[WHAT TO PRODUCE] Any picture in the listing is left out of the copy; all else is duplicated exactly.

[RECORDED INFORMATION]
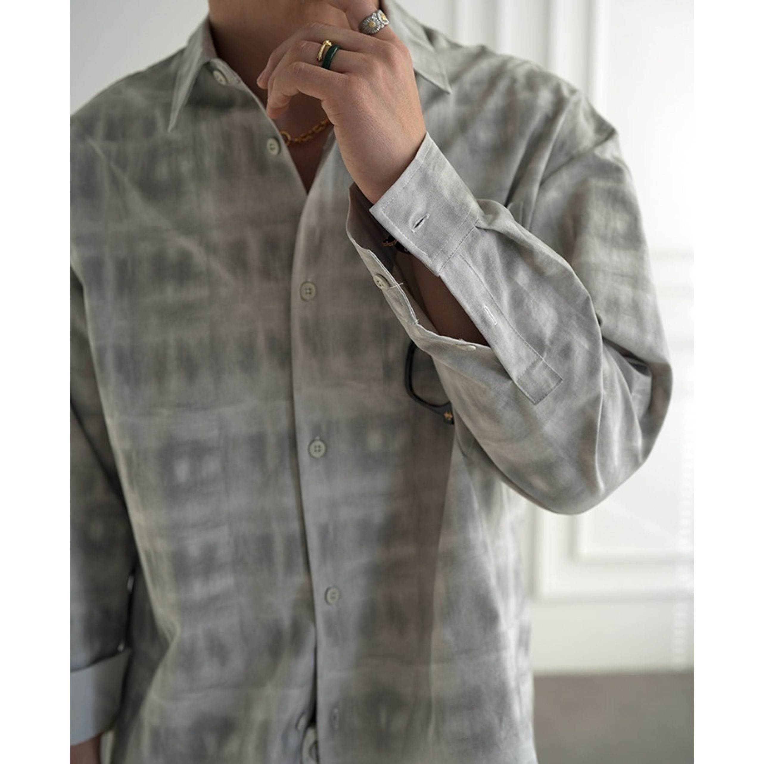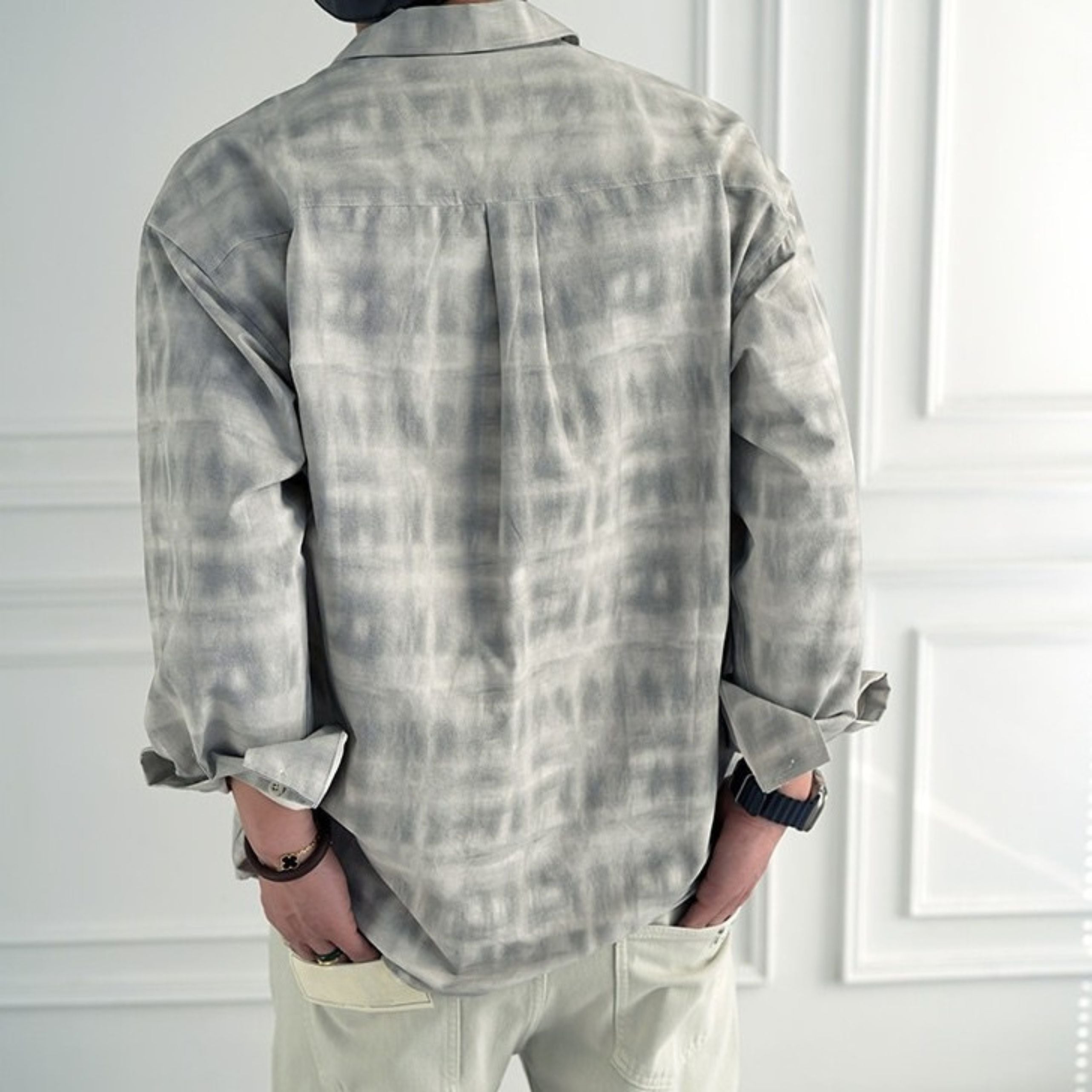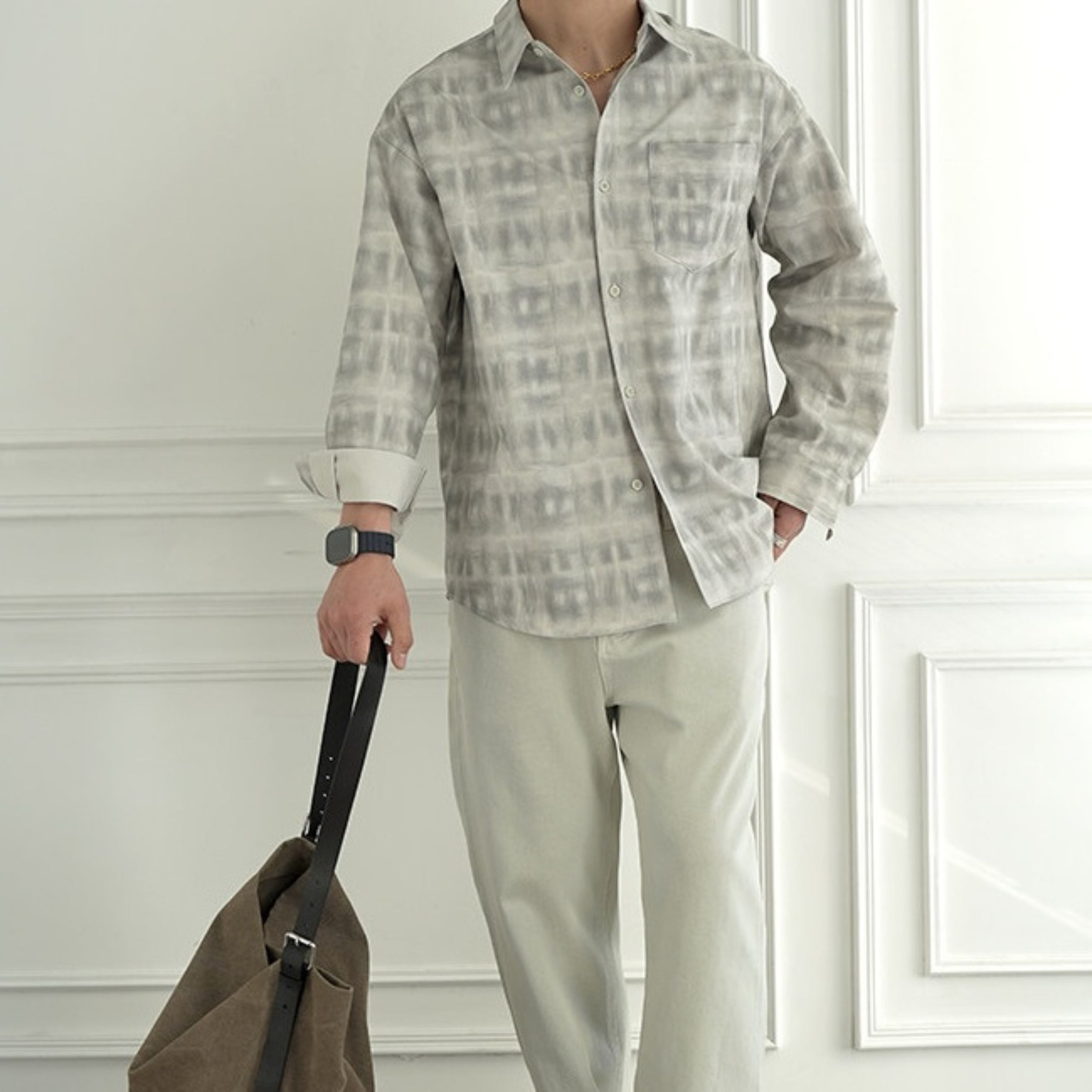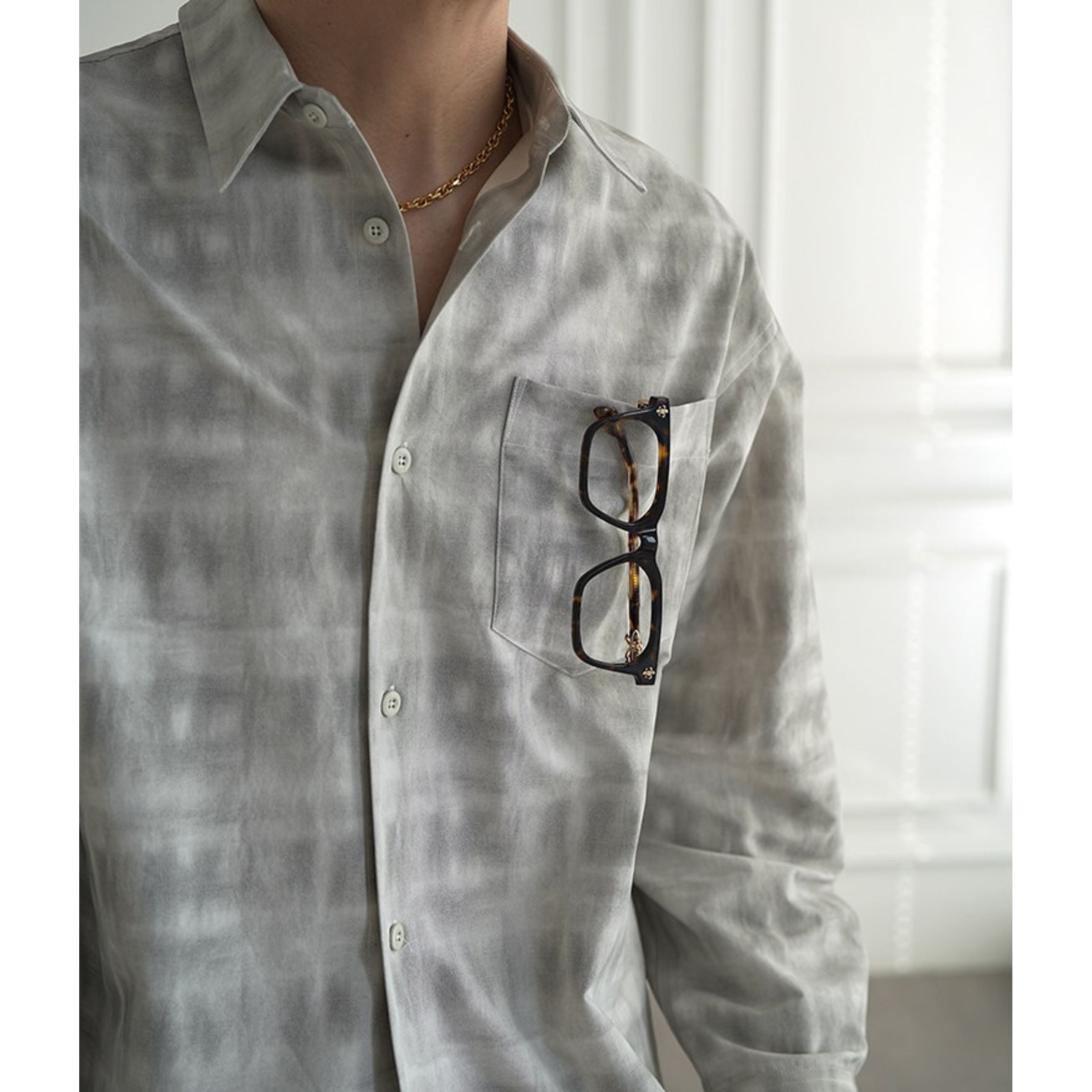 穏淡くにじむようなニュアンスチェックが印象的なロングスリーブシャツ。
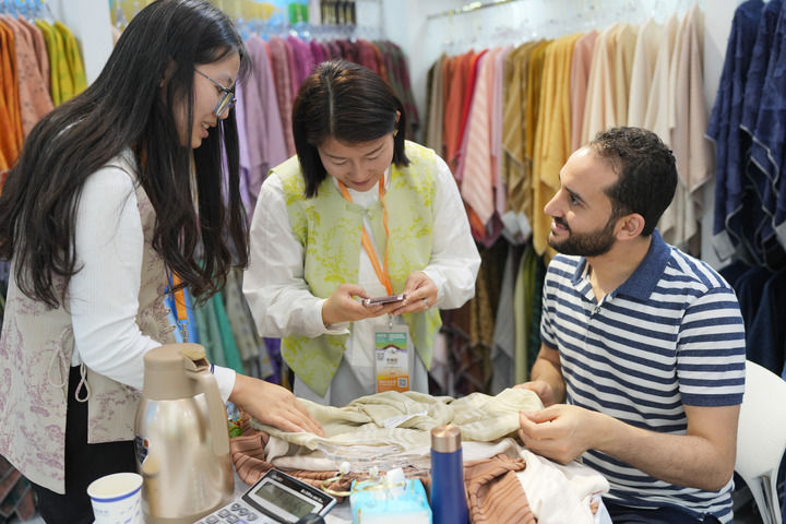 一名來自埃及的客商在2024中國紹興柯橋國際紡織品面輔料博覽會(春季)上選購面料(2024年5月6日攝)。新華社記者 翁忻暘 攝
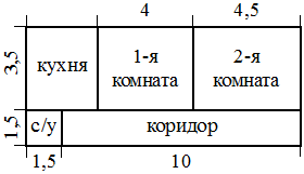 ; ; Квартира состоит из двух комнат, кухни, коридора и санузла (см. чертёж). Первая комната имеет размеры3,5м×4м, вторая—3,5м×4,5м, санузел имеетразмеры1,5м×1,5м, длина коридора10м.Найдите площадь кухни (в квадратных метрах).;

[TASK RESULT]
 穏淡くにじむようなニュアンスチェックが印象的なロングスリーブシャツ。
 一名來自埃及的客商在2024中國紹興柯橋國際紡織品面輔料博覽會(春季)上選購面料(2024年5月6日攝)。新華社記者 翁忻暘 攝
 ; ; Квартира состоит из двух комнат, кухни, коридора и санузла (см. чертёж). Первая комната имеет размеры3,5м×4м, вторая—3,5м×4,5м, санузел имеетразмеры1,5м×1,5м, длина коридора10м.Найдите площадь кухни (в квадратных метрах).;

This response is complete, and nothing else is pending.